Work task: Exact reproduction of the data is required, with images excluded.

*** Provided material ***

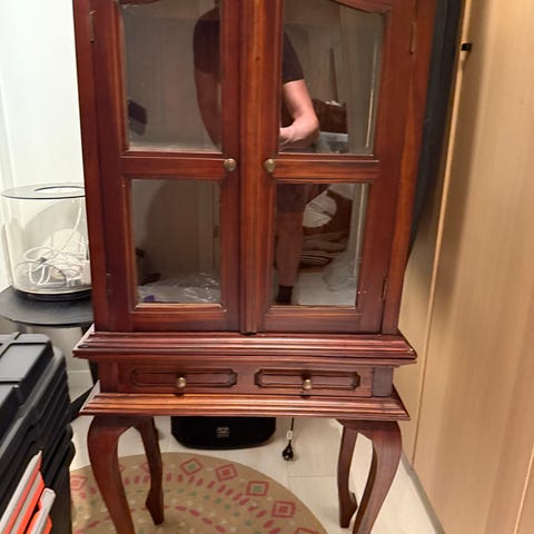 Vitrineskap i tre med glassdører og dekorative detaljer. Skapet har to glassdører øverst og to tredører nederst med låsbare håndtak. Passer til oppbevaring og visning av gjenstander.Beskrivelsen, som er KI som harlaget, passertilnærmet greit. Om ere vil ha mer info så ta kontakt. Skapet befinner seg på Jevnaker. Kan leveres på strekningen Jevnaker - Oslo tilavtalt pris. Prisen er en ca- pris. (Det er lov å by mer om du syntes dette var da rimelig)
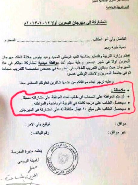 مرآة البحرين: بينت وثيقة قيام وزارة التربية والتعليم في البحرين برشوة طلاب وطالبات المدارس البحرينية، عبر إغرائهم بالحصول على مبلغ 10 دينار، والعلامات الكاملة في مواد التربية الرياضية والوطنية، إذا وافقوا على المشاركة في مهرجان تنظمه بمناسبة ذكرى جلوس الملك.
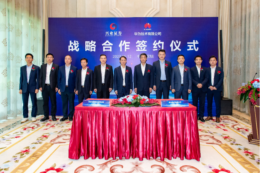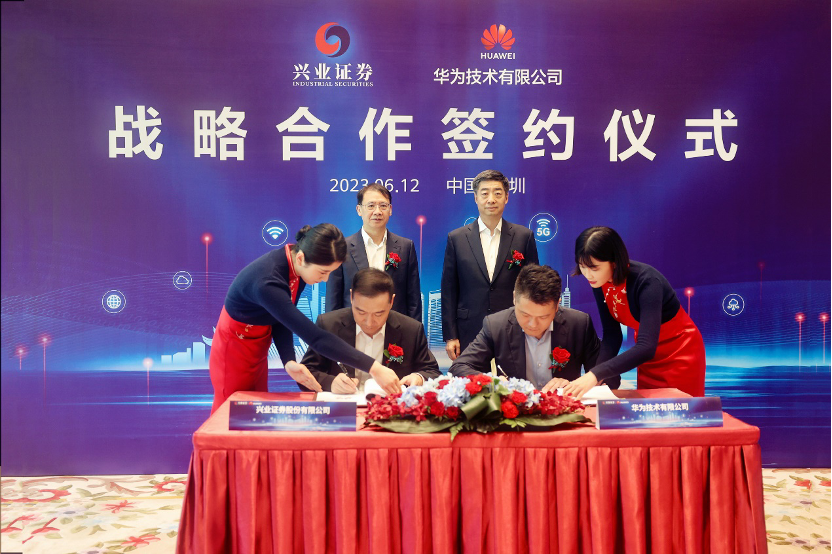 6月12日,兴业证券股份有限公司(以下简称“兴业证券”)与华为技术有限公司(以下简称“华为”)在深圳华为总部举行高层会谈并签署战略合作协议。兴业证券董事长杨华辉、首席信息官李予涛、首席财务官许清春,华为轮值董事长胡厚崑、华为数字金融军团CEO曹冲、华为福建省总经理彭希等出席。
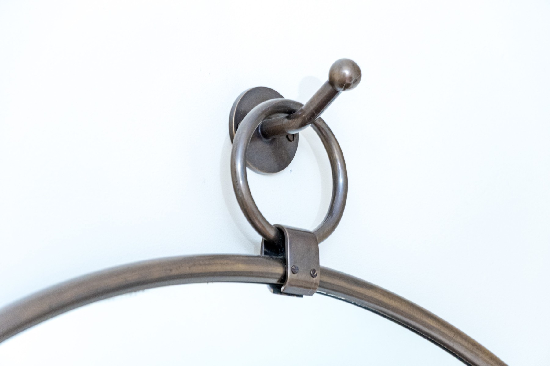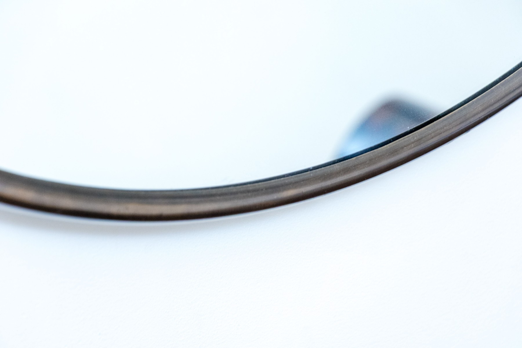 A stunning and stylish Arhaus "Thomas" round pendant wall mirror displaying a sleek round mirror plate in a minimalist gray patinaed finish. The mirror hangs from a hook with a circular bail connecting to the frame with a wide jump ring detailed with two screws to the front.

*** End of Provided material ***

Answer below:
 Vitrineskap i tre med glassdører og dekorative detaljer. Skapet har to glassdører øverst og to tredører nederst med låsbare håndtak. Passer til oppbevaring og visning av gjenstander.Beskrivelsen, som er KI som harlaget, passertilnærmet greit. Om ere vil ha mer info så ta kontakt. Skapet befinner seg på Jevnaker. Kan leveres på strekningen Jevnaker - Oslo tilavtalt pris. Prisen er en ca- pris. (Det er lov å by mer om du syntes dette var da rimelig)
 مرآة البحرين: بينت وثيقة قيام وزارة التربية والتعليم في البحرين برشوة طلاب وطالبات المدارس البحرينية، عبر إغرائهم بالحصول على مبلغ 10 دينار، والعلامات الكاملة في مواد التربية الرياضية والوطنية، إذا وافقوا على المشاركة في مهرجان تنظمه بمناسبة ذكرى جلوس الملك.
 6月12日,兴业证券股份有限公司(以下简称“兴业证券”)与华为技术有限公司(以下简称“华为”)在深圳华为总部举行高层会谈并签署战略合作协议。兴业证券董事长杨华辉、首席信息官李予涛、首席财务官许清春,华为轮值董事长胡厚崑、华为数字金融军团CEO曹冲、华为福建省总经理彭希等出席。
 A stunning and stylish Arhaus "Thomas" round pendant wall mirror displaying a sleek round mirror plate in a minimalist gray patinaed finish. The mirror hangs from a hook with a circular bail connecting to the frame with a wide jump ring detailed with two screws to the front.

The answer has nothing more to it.